| EXERCISE AIM |
Only the lines from the one containing "Contents: 1x Lava" through the end of the data are wanted, reproduced exactly and without pictures.

| EXERCISE MATERIALS |
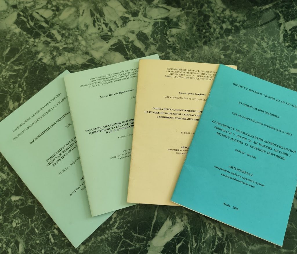 • Biochemical mechanisms of toxicity of nanoparticles of various nature and other anthropogenic and biogenic toxicants in biological systems 2012-2015, supervisor – Prof. Mykhaylo Korda).
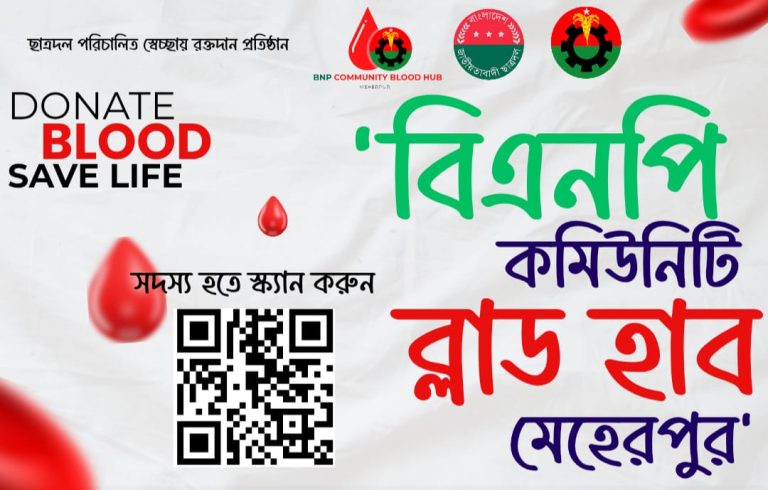 রক্তের প্রয়োজনে পাশে দাঁড়ানোর মানবিক ও জাতীয়তাবাদী উদ্যোগ — “বিএনপি কমিউনিটি ব্লাড হাব – মেহেরপুর”
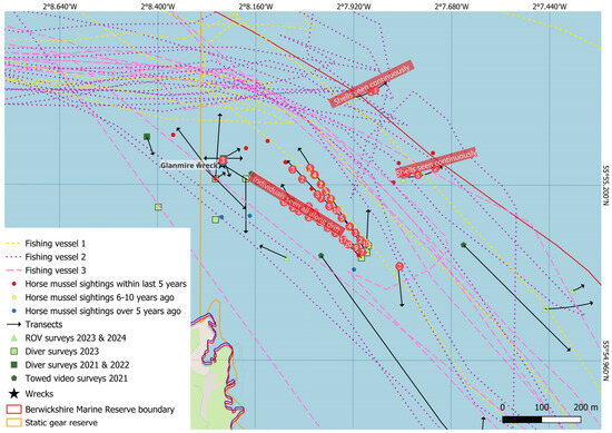 Automatic Identification System (AIS) data from Global Fishing Watch (GWF, https://globalfishingwatch.org/ [accessed on 25 March 2025]) and MarineTraffic (www.marinetraffic.com [accessed on 25 March 2025]) has been explored in order to gain some understanding of possible fishing effort in the BMR. Evidence of vessel effort tracks were recorded during the 2019 incursion into the SGR (Figure 5). This suggested the vessels may have actively avoided the Glanmire wreck, likely avoiding the increased risk of gear entanglement. This avoided area happened to be where the majority of this study’s survey effort and sightings occurred. Future studies could look to survey in more northly locations to examine the possible difference of horse mussels in untrawled and trawled areas within the SGR.
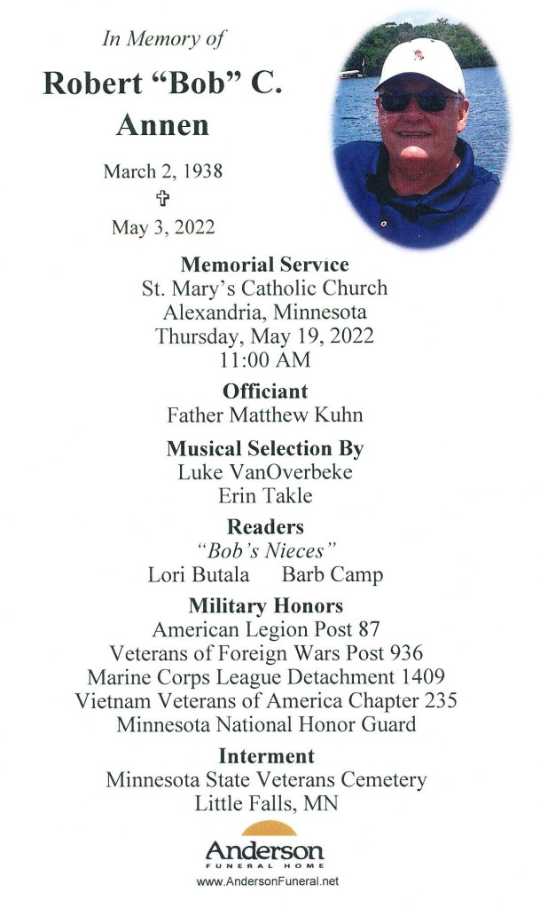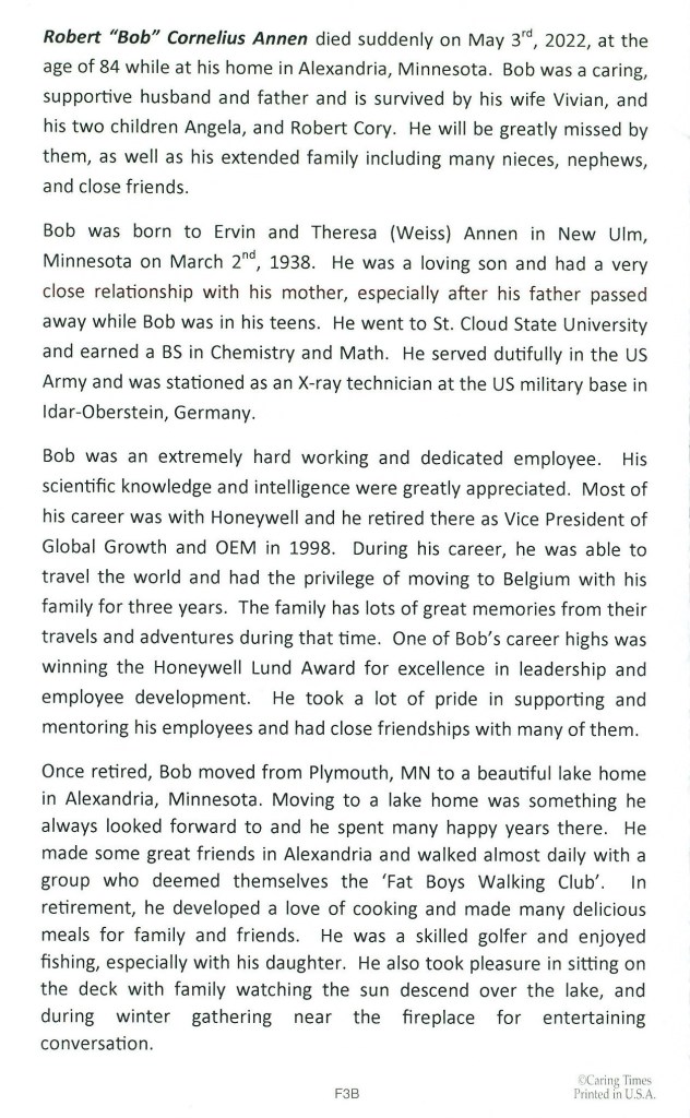 Thank you. Robert (Bob) Annen was his name. He grew up on a farm and went to the Catholic school there K – 12. He hasn’t lived there since he graduated from high school in ’55 or ’56. I hadn’t planned on an autobiography – my “auto” part was powered by fossil fuels . . .
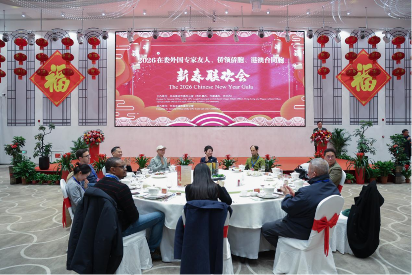 1月26日恰逢中国传统“腊八节”。当天,娄底市组织来自巴西、巴基斯坦、突尼斯、尼日利亚、德国、喀麦隆、韩国等国家的在娄外国专家友人和侨领侨胞、港澳台同胞在我市润和国际酒店欢聚一堂,畅叙情谊,共迎新春,隆重举行2026新春联欢会。
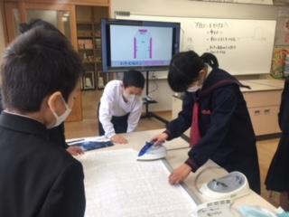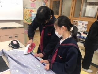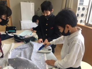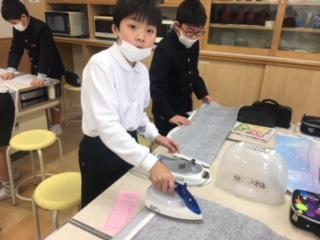 5年生のエプロンづくりが、着々と進んでいます。この日5年2組の子ども達は、布を裁ち、次週ミシンを使って縫うことができるようにアイロンがけをしていました。家で経験した子もいれば慣れぬ手つきの子もいましたが、教え合いながら安全に気を付けて作業していました。
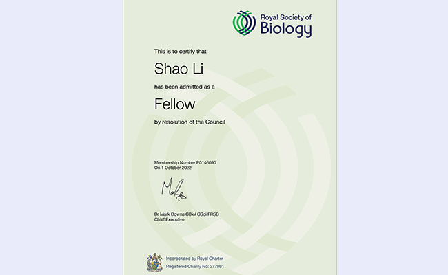 10月1日,英国皇家生物学会(Royal Society of Biology)发来贺信,祝贺米兰milan官方网站自动化系教授李梢当选英国皇家生物学会会士(Fellow of the Royal Society of Biology,FRSB)。这是李梢教授继2022年7月入选英国皇家化学学会会士后获得的又一荣誉。
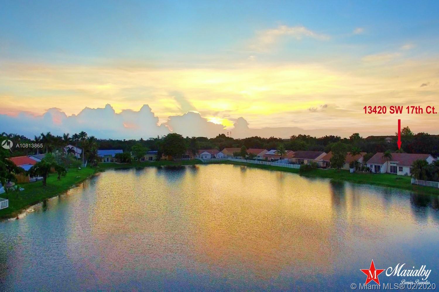 This spectacular lakefront home is located in the highly desirable neighborhood of Trilogy at Flamingo Estates. You will be amazed with the panoramic nature views you will enjoy from this home. This home has wonderful high vaulted ceilings that give it a bright and airy ambiance with lovely tile throughout the house. It has a wonderful split floor plan with a large master bedroom. The master bathroom features a large Roman tub and has a separate large shower for two. This home also features a huge family room with an eat in kitchen where you will enjoy the beautiful lake and garden views. Nearby you will find Flamingo Estates Park with a children's playground, tennis courts & biking trails that connect to Monarch Lakes Park. This beautiful waterfront home is easy to show and will not last.
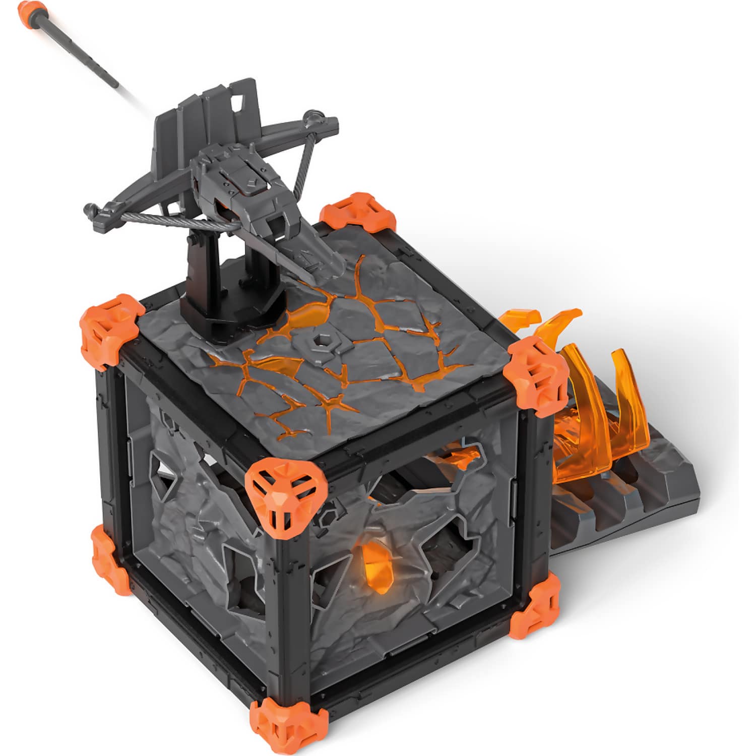 Contents: 1x Lava Bear, 1x BattleCave base frame, 1x lava crystal, 3x wall, 1x ceiling, 1x grasping arm trap, 1x rotating crossbow with shooting function, 1x arrow
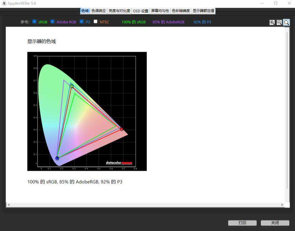 ▼简单测试下显示器的色域,可以轻松覆盖100%sRGB、85%AdobeRGB、92%的P3色域,这块面板的色域表现还是非常不错的。

| ANSWER |
 Contents: 1x Lava Bear, 1x BattleCave base frame, 1x lava crystal, 3x wall, 1x ceiling, 1x grasping arm trap, 1x rotating crossbow with shooting function, 1x arrow
 ▼简单测试下显示器的色域,可以轻松覆盖100%sRGB、85%AdobeRGB、92%的P3色域,这块面板的色域表现还是非常不错的。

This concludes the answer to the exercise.